The thing is--everyone's heard the statistic about how it takes seven tries to leave an abuser before it actually sticks. But what I think's missing for people that haven't lived it themselves is just exactly what that process looks like, because real life isn't scripted for TV, and if you haven't been there yourself you just don't know since the entire foundation of abusive relationships is keeping secrets and telling lies and making excuses. Covering tracks for the shitty person that's dragging you down.

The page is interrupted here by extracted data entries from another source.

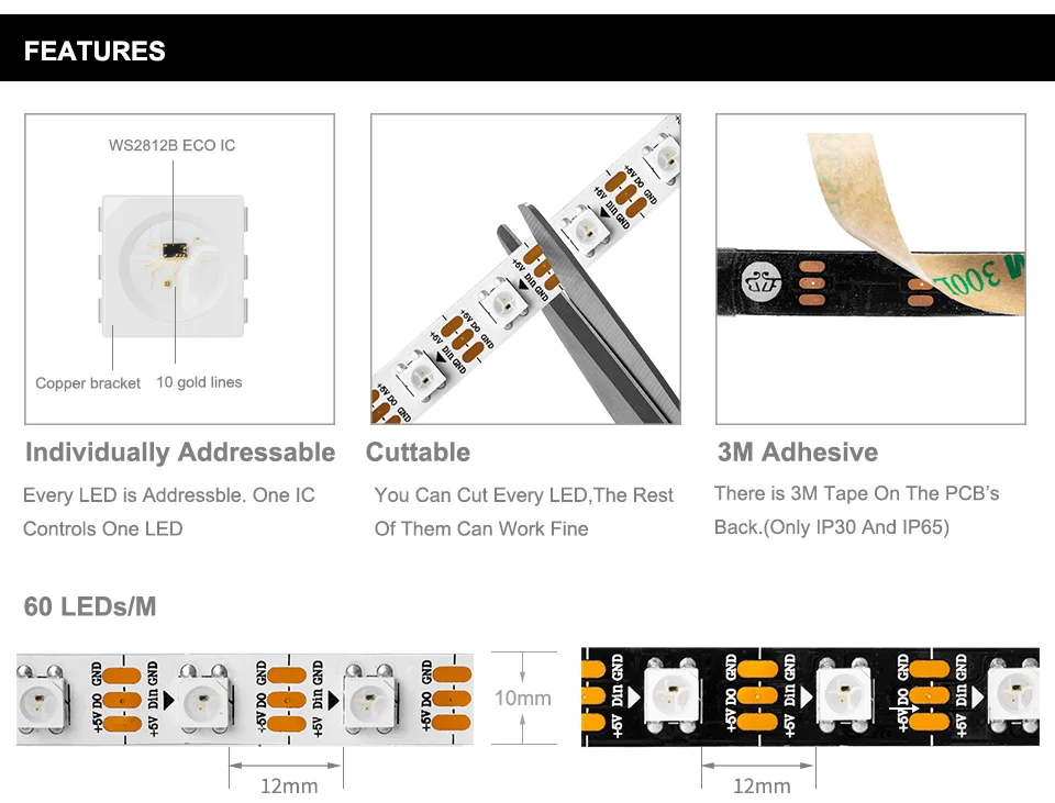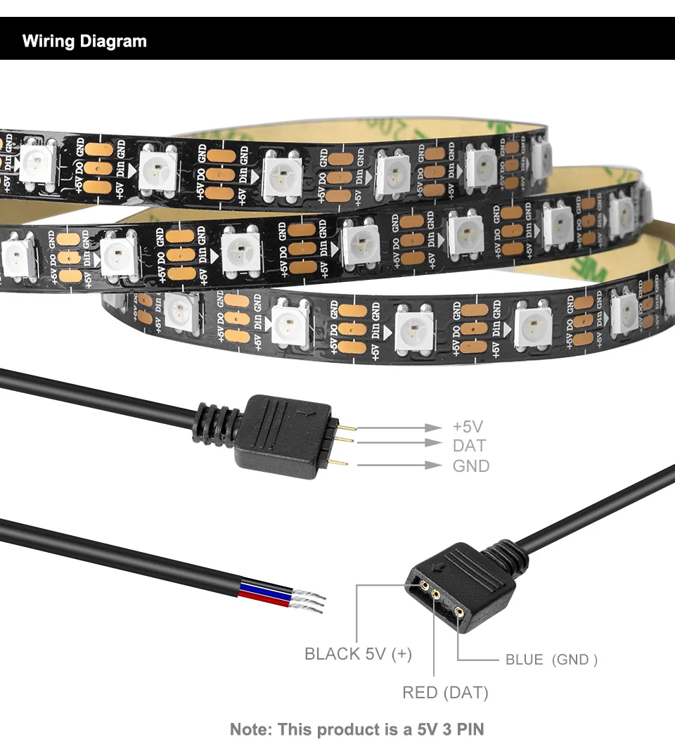 Примечание:Эти адресуемые светодиодный ленты предназначены только для 3 pin + 5V ADD_Header (+ 5V,DATA,N/A,GND). Спецификация:Светильник источник: 5050 RGB светодиодный.IC Модель: WS2812BСветодиодный Кол-во: 60 шт. на светодиодный индикатор.Угол обзора: 120 °.Напряжение: 5 В постоянного тока.Макс Мощность: 0,3 W/светодиодный.Водонепроницаемый: IP30 не водонепроницаемый.Цвет платы FPCB: черный/белыйРабочая среда: от-40 ℃ до + 80 ℃Определение штифта: + 5 В, D, N/A, GNDКрасный провод: 5 В +/зеленый провод: данные/белый провод: GNDСветодиодный ремешок: 50 смКабель подключения материнской платы: 30 см Посылка:1 * адресуемые RGB светодиодный полосы с материнской платой соединительный кабель.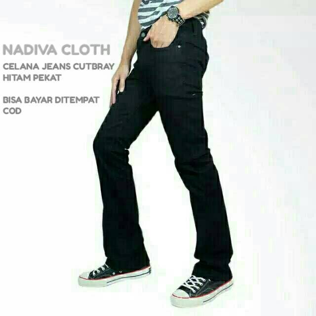 Tersedia dalam empat warna yakni hitam, biru muda, biru tua dan blueblack. Celana dengan panjang 100cm ini tersedia dalam ukuran 27-32. Selain itu, kamu juga bisa mendapatkan DFS Celana Jeans denim cutbray pria yang tersedia di Lazada. Celana ini terbuat dari material jeans denim stretch yang elastis dan fashionable. Tersedia dalam ukuran 28-34 celana ini cocok digunakan untuk jalan-jalan, nongkrong maupun untuk melakukan kegiatan sehari-hari.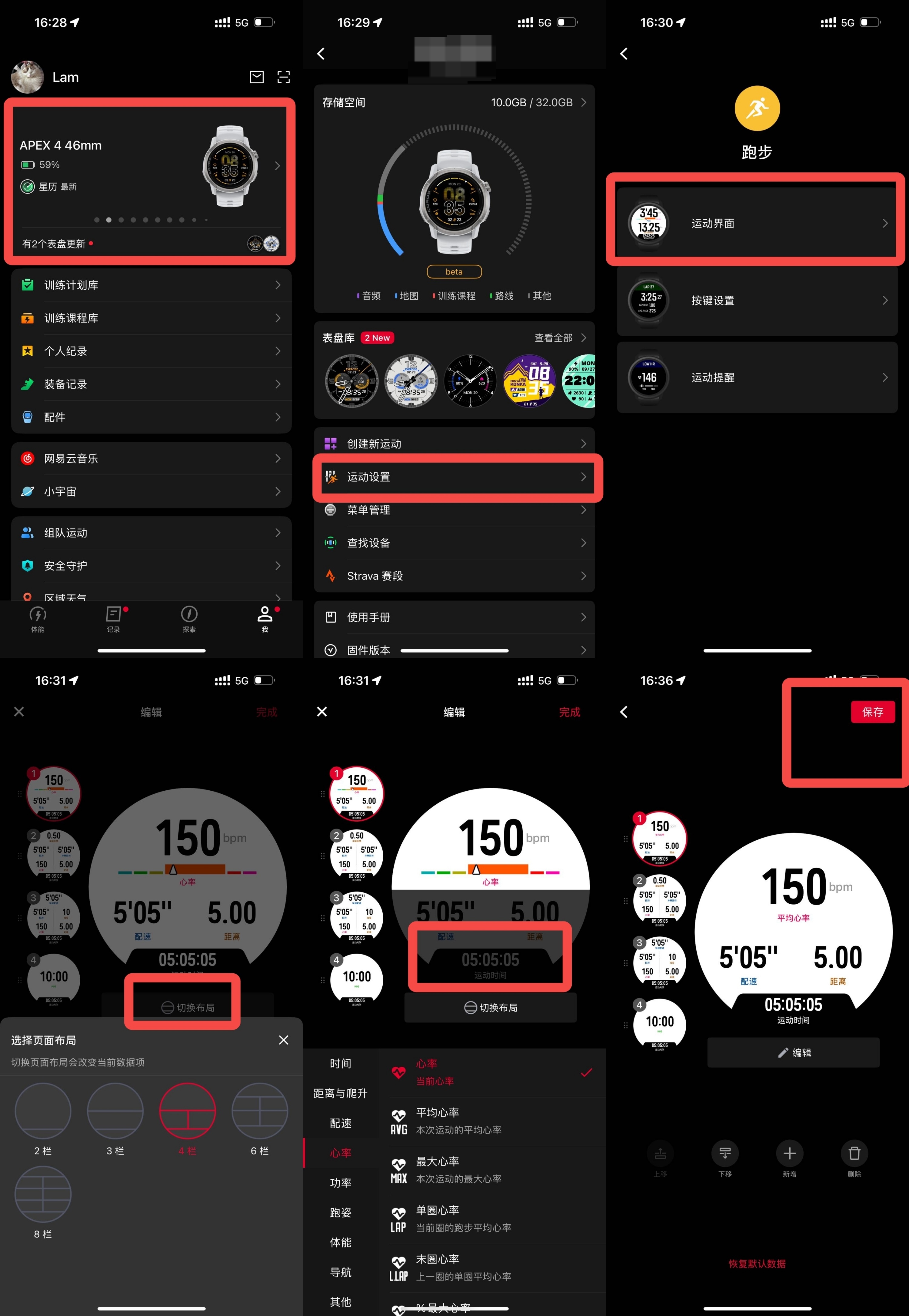 PS:手表在运动模式下也可以连接APP完成自定义运动界面。
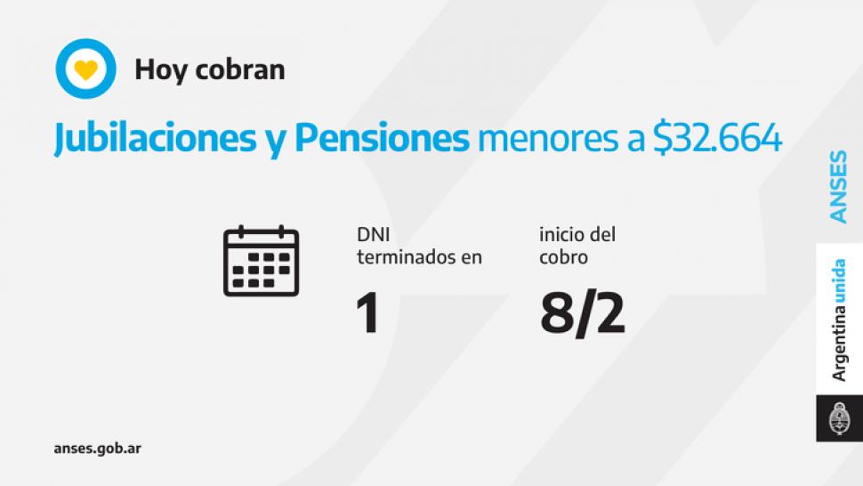 Las sucursales bancarias habilitadas atenderán por ventanilla a jubilados, jubiladas, pensionados y pensionadas con documentos terminados en 1 cuyos haberes NO SUPEREN la suma de 32.664 pesos.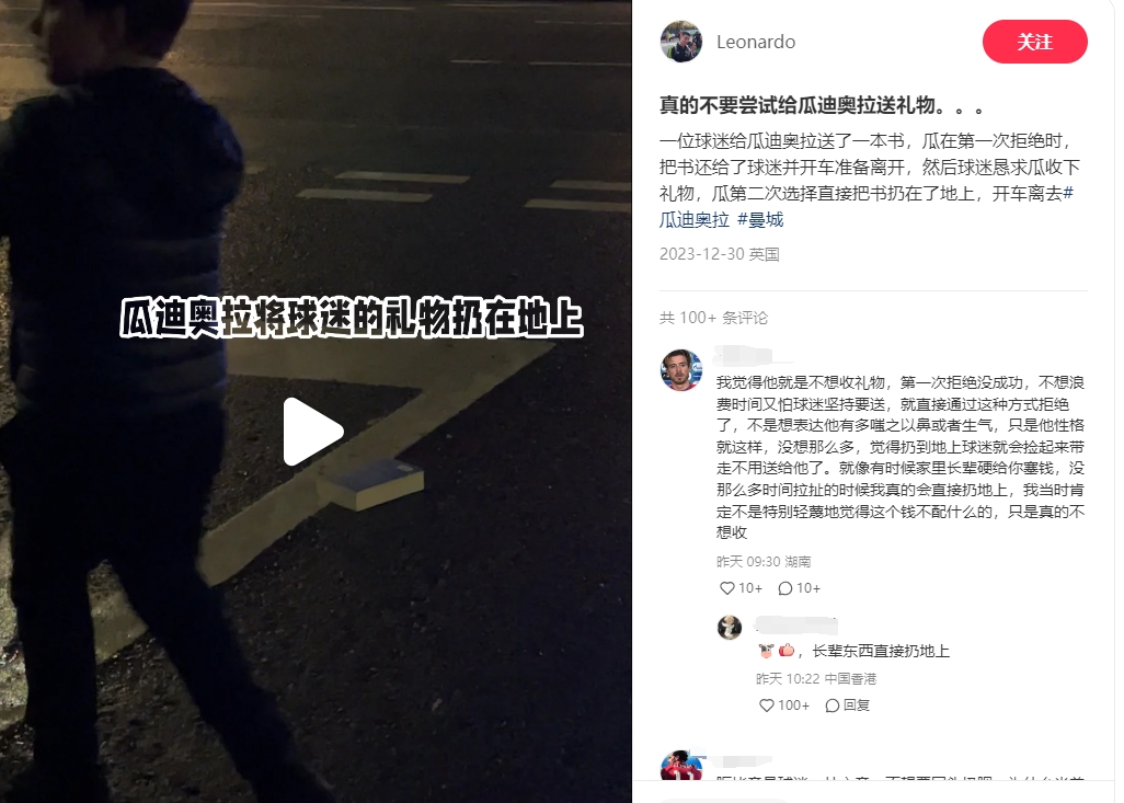 网友@Leonardo晒出一段视频,一球迷给瓜迪奥拉送了一本书,瓜迪奥拉第一次拒绝,把书还给了球迷并开车准备离开。然后球迷恳求瓜收下礼物,瓜迪奥拉第二次直接选择把书仍在了地上。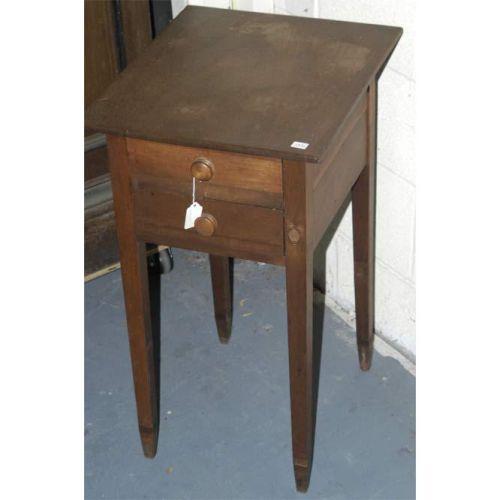 SMALL COUNTRY WORK TABLE, with two drawers, 19th century, CONDITION REPORT: repairs, lacking stretcher, stains.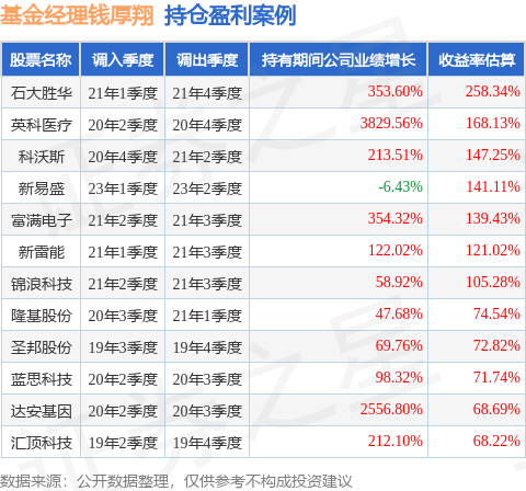 钱厚翔管理的南方大数据100A基金在21年1季度买入石大胜华,在持有3个季度后在21年4季度卖出。持有期间的估算收益率为258.34%,持有期间石大胜华在2020年到2021年的年报归属净利润增幅达353.6%。

Phases of the Moon #5 is Stacey-Marie's novel-length zine about how it's easy to get in, but it's so hard to leave. It's about addiction and recovery in fits and starts and failed accountability, and the recovery framework available for people when money's a concern, and how bad people in the scene (and life, and anywhere) sometimes play off a victim's morals to make them the problem and not how the bad people are doing bad things. It's about loving somebody and knowing that's a problem, and loving somebody and being frustrated with them, and loving somebody who's hellbent on running you both aground & blaming yourself when you can't stop everything from crashing & burning, and loving somebody but also not loving them at all anymore, actually, but god why can't I just go.

At 120 pages, this is a heavy zine both physically & emotionally, but well-worth every page.

By Stacey-Marie Piotrowski. Half size (5.5 x 8.5), typed, thread-bound & super text-heavy with some b&w photos/illustrations, and comes with trigger warnings for abuse, alcoholism, and drug use. Stay safe out there, babies.